Фирсов отвез деньги, и Еникеева, опираясь на палочку, повела его в конец коридора, где блестел зеленым глянцем фикус.

– Ну так что, голубь, нам с тобой вокруг да около ходить. – Она закурила, разогнала ладошкой дым и ткнула спичку в цветочный горшок. – Две тысячи – и я к тебе претензий не имею. Скажу, что выпила для храбрости и решила головой в омут – к тебе, значит, под колеса. Хотела одному человеку отомстить. А уж ты после этого лепи, что хочешь… И если договоримся, то больше не светись здесь, эти курвы и так на меня косятся.

– Две тысячи? – переспросил Фирсов.

– А что ты думал? Тебе три года "химии" катит. Как минимум… Я все эти мульки знаю, у меня мужик был шоферюга.

– Подумаю… – катнул желваки Фирсов. И ушел не прощаясь.

Яков Ефимович подтвердил, что три года "химии" – нормальный срок по 211-й статье и спрашиваемая сумма – в разумных пределах.

– Но здесь есть нюансы. – Он смотрел на Фирсова чуть иронично, как на человека, который придумал вечный двигатель. – Если на схеме происшествия зафиксирован резкий поворот машины вправо, то версия с попыткой самоубийства развалится в суде на кусочки. – Вы что, специально подъехали к ней, чтобы она бросилась под колеса?..

– Можно сказать, что она руку подняла, голосовала, – задумался Игорь. – В принципе, так оно и было.

– Так, да не совсем так.

– А почему нам не доказать, как все это было на самом деле?

Яков Ефимович вздохнул и протер очки мятым платком.

– А кто сказал, что мы не будем бороться? Я вам такое говорил? Не говорил… – Он высморкался и убрал платок в карман. – Нельзя, молодой человек, ставить диагноз, не видя больного. Лучше переговорите пока с вашим приятелем – у него, как я понимаю, положение тоже не ахти какое. Если мы докажем, что он сидел на переднем сиденье и был в доску пьян, то кто поверит его показаниям?

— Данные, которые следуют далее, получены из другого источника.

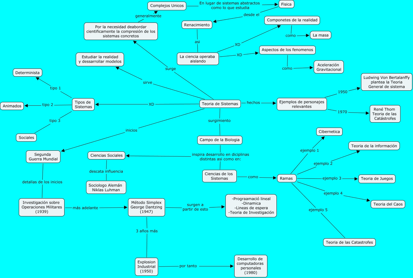 Este Cmap, tiene información relacionada con: i.o, Segunda Guerra Mundial detallas de los inicios Investigación sobre Operaciones Militares (1939), La ciencia operaba aislando XD Componetes de la realidad, Ejemplos de personajes relevantes 1970 René Thom Teoria de las Catástrofes, Tipos de Sistemas tipo 3 Sociales, Renacimiento asi La ciencia operaba aislando, Aspectos de los fenomenos como Aceleración Gravitacional, Ciencias Sociales descata influencia Sociologo Alemán Niklas Luhman, Explosion Industrial (1950) por tanto Desarrollo de computadoras personales (1980), Ramas ejemplo 3 Teoria de Juegos, Teoria de Sistemas inicios Segunda Guerra Mundial, Campo de la Biologia inspira desarrollo en diciplinas distintas asi como en: Ciencias de los Sistemas, Ciencias de los Sistemas como Ramas, Componetes de la realidad como La masa, La ciencia operaba aislando XD Aspectos de los fenomenos, Teoria de Sistemas surge Por la necesidad deabordar cientificamente la compresión de los sistemas concretos, Ramas ejemplo 4 Teoria del Caos, Teoria de Sistemas sirve Estudiar la realidad y dessarrollar modelos, Teoria de Sistemas hechos Ejemplos de personajes relevantes, Teoria de Sistemas XD Tipos de Sistemas, Ejemplos de personajes relevantes 1950 Ludwing Von Bertalanffy plantea la Teoria General de sistema
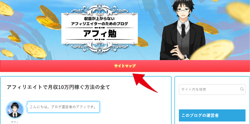 これでブログのヘッダー部分にサイトマップの設置が完了しました。
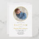 Photo personnalisée Religious Cross Boy Baptism Gold Foil Invitation.
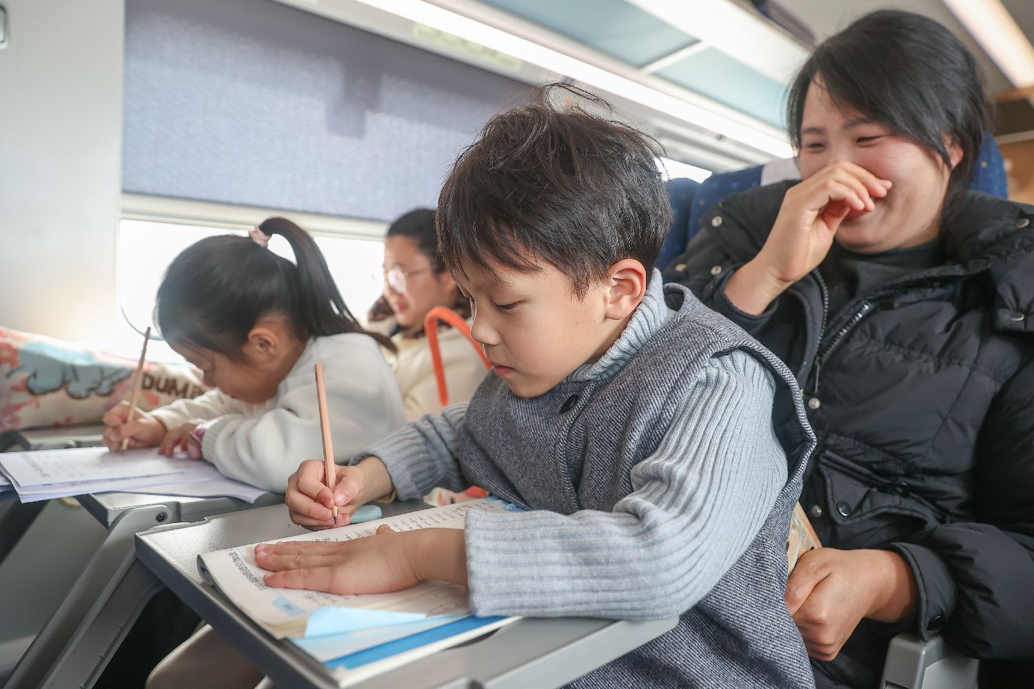 2月2日,在江西井冈山开往江西南昌的C194列车上,两名小朋友在乘车途中写寒假作业。
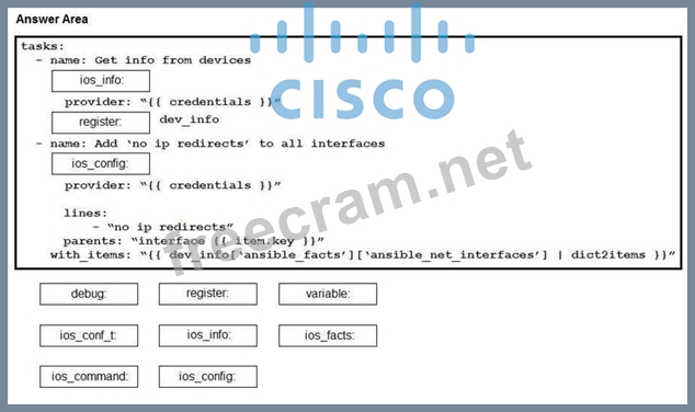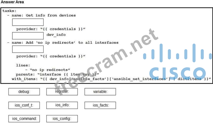Construct an Ansible script to gather information about target routers and then use it to apply no ip redirects to every interface on each device. Drag and drop the code from the bottom onto the correct location in the exhibit to complete the tasks section of the Ansible playbook so that it accomplishes your goal.
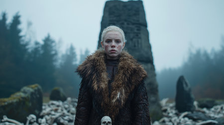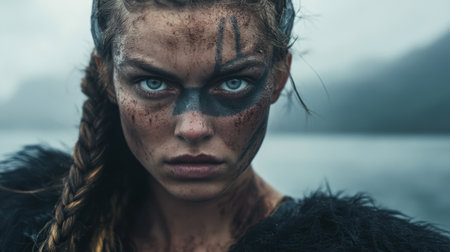 Close-up of a fierce Viking woman with braided hair and black war paint, standing in a misty, battle-ready environment with an intense gaze.
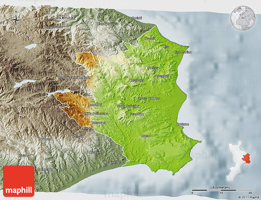 Physical map illustrates the mountains, lowlands, oceans, lakes and rivers and other physical landscape features of Crotone. Differences in land elevations relative to the sea level are represented by color.
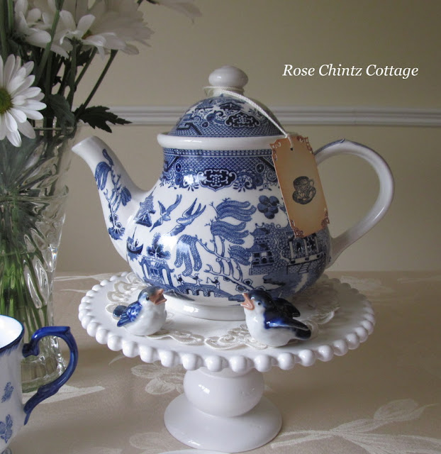 Blue and white china graced by daisies and my Churchill Blue Willow teapot along with a Spode teacup made in England.
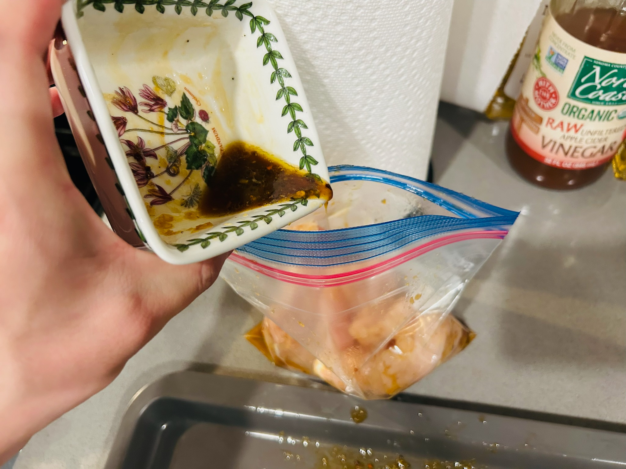 8. 봉지 혹은 밀폐용기에 허니갈릭 양념을 한 닭가슴살을 넣고 재워줍니다.
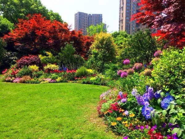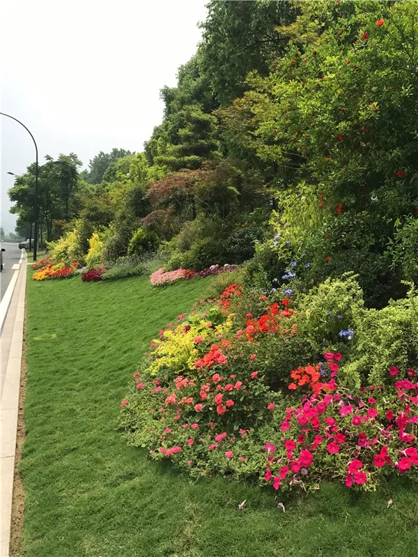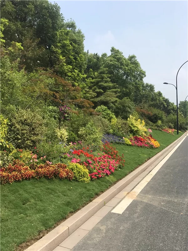 在植物搭配方面,花色搭配既要美觀,又要自然,避免使用強(qiáng)烈的對(duì)比色,群落配植要遵循疏密有致原則,保證每株植物都能各有所美。
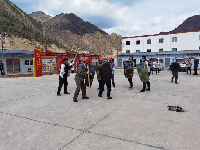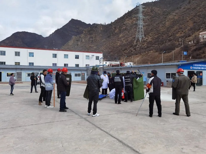 3月15日,果多水電公司與柴維鄉(xiāng)政府、柴維鄉(xiāng)派出所、柴維鄉(xiāng)衛(wèi)生院聯(lián)合開展反自焚、反恐怖襲擊應急演練。
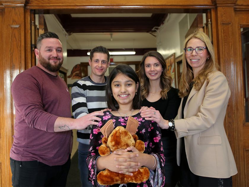 Maryam Basharat, 11, with the teaching staff at Balmoral School in Calgary, on Friday December 7, 2018, who helped save her life. they are from left Bryan Allen, Thomas Guenther, Jillian Wright and principal Liana Appelt. Leah Hennel/Postmedia
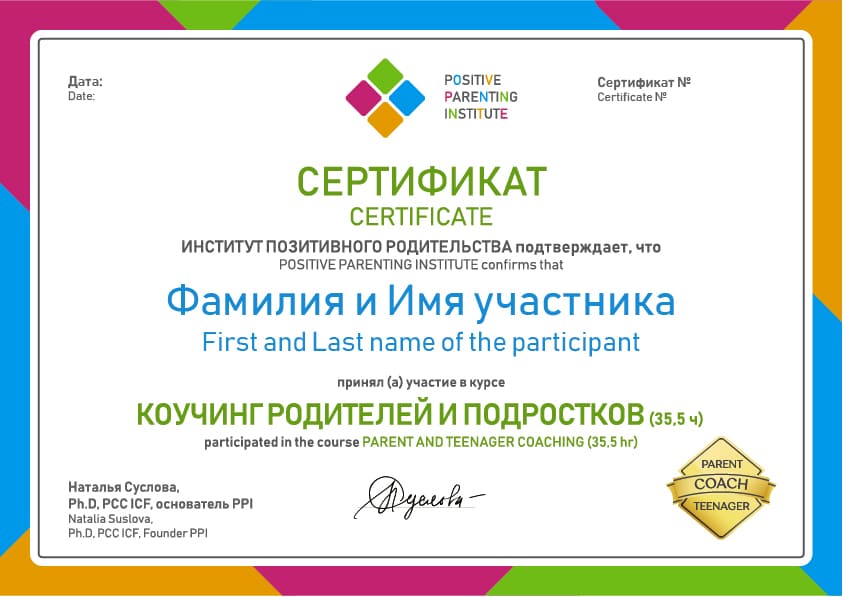 • Профессиональный коуч ( PCC ICF) с практикой более 1700 часов, в том числе в работе с родителями, подростками и семейными парами

– Его тоже могут посадить?

– А почему нет?..

Славик выслушал Фирсова угрюмо, но не перебивая. Фирсов знал, что по институту ходили слухи, будто он не захотел оставить у себя выпившего Славика, повез его к жене домой, не справился с управлением, сбил женщину, покалечил машину и теперь пытается представить Славика виновником всех своих бед. Откуда пошли такие слухи, можно было только догадываться. Последнее время Фирсов и Мохов ходили в столовую порознь.

– Старик, у меня нет таких денег… – Они стояли на лестнице лабораторного корпуса, мимо ходили люди, и Славик говорил чуть громче, чем хотелось бы Игорю. – Ты же знаешь, я еще за машину не рассчитался. Теперь ремонт предстоит… – Он пожал плечами. – Не знаю, чем тебе помочь…

– А себе помочь не хочешь? Смотри, потом будет поздно…

– Не надо брать меня на испуг…

– Значит, "нет"?

– Опять двадцать пять, – устало сказал Славик. – Ну ты даешь…

– Хорошо, Славик, спасибо тебе за все. – Он протянул руку, и Мохов машинально пожал ее. – Ты настоящий друг. Спасибо. Всего доброго!.. – И стал не спеша подниматься по лестнице, не видя и не слыша спускающихся ему навстречу людей.

Потом выписалась из больницы Еникеева, следствие закончилось, и Яков Ефимович, который, поплевывая на пальцы, пролистал все страницы дела и выписал в блокнотик каверзные места, озабоченно поцыкал зубом: "Да, второй фигурант – не промах. На листе восьмом свидетельские показания некоего Петрова, который видел из окна своей квартиры момент происшествия и утверждает, что мужчина в темной куртке выскочил из машины через заднюю дверцу и побежал к телефону-автомату. А на десятом листе показания соседки Мохова по лестнице, с которой он поднимался в лифте и которая утверждает, что Мохов, как ей показалось, был абсолютно трезв, но взволнован. С его слов она узнала, что совершен наезд на женщину и Мохов спешит домой, чтобы вызвать "скорую", так как из автомата не дозвониться…"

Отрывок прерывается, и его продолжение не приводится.